— О, Ника Люберецкая, — выдал мажор. — Познакомишь?
— А с принцессой познакомишь? — с иронией отозвался я.
— Все-все, понял. Ну раз уж заговорили…
С хитрым видом он закатал рукав, показывая татуировку над запястьем, где витиеватыми крючками теперь были заполнены все три кружка. Последний, судя по пленке сверху и красноте, был добит совсем недавно — может, пару часов назад. Похоже, княжич заполнил одну дырку сразу после того, как пробил другую — и вот теперь примчался похвастаться радостью. Конечно, какой смысл во всех этих усилиях, если ими не с кем поделиться.
— Не зря мы на фонтан съездили, — заявил Алекс, торопливо закатывая рукав обратно. — Ой, как не зря… Все, я теперь по уши твой должник!
— И что теперь, должник? Цель жизни достигнута? — полюбопытствовал я.
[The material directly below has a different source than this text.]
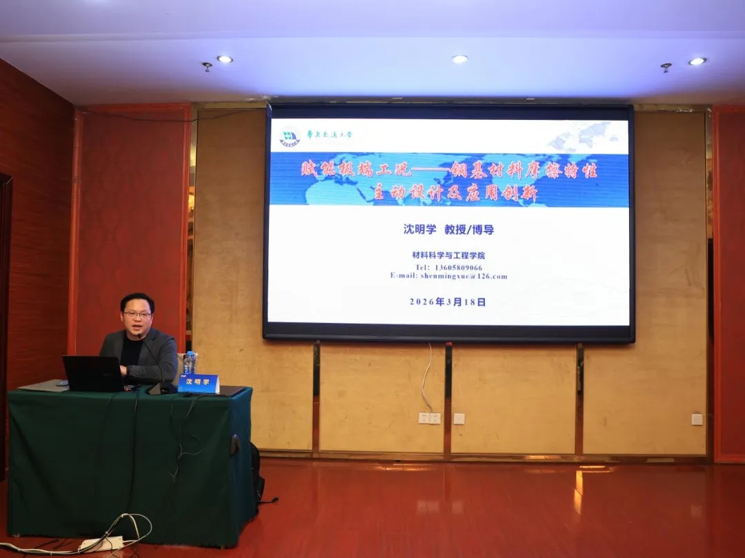 华东交通大学材料科学与工程学院院长沈明学教授作《赋能极端工况——铜基材料摩擦特性主动设计及应用创新》报告,系统阐述了高端装备用铜基材料的创新设计与应用。
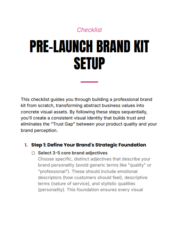 Pre-Launch Brand Kit Setup Checklist is a step-by-step system that helps you turn your business idea into a clean, professional, and trust-building brand identity before launch. It guides you from abstract brand values to concrete visual assets so your brand looks credible from day one.

— Ну знаешь, — отозвался он, — дырок, может, и три, а поз гораздо больше…
Ага, можешь даже тату делать для каждой — на спине места как раз хватит. Останутся потомкам хроники жизни одной принцессы.
— Ладно, — хмыкнул Вяземский, — не мешаю, — и, видя, что Ника возвращается, свалил.
Моя спутница села обратно на свое место, улыбаясь еще ярче, чем до этого. Я даже не сразу понял, что она вновь подкрасила губы.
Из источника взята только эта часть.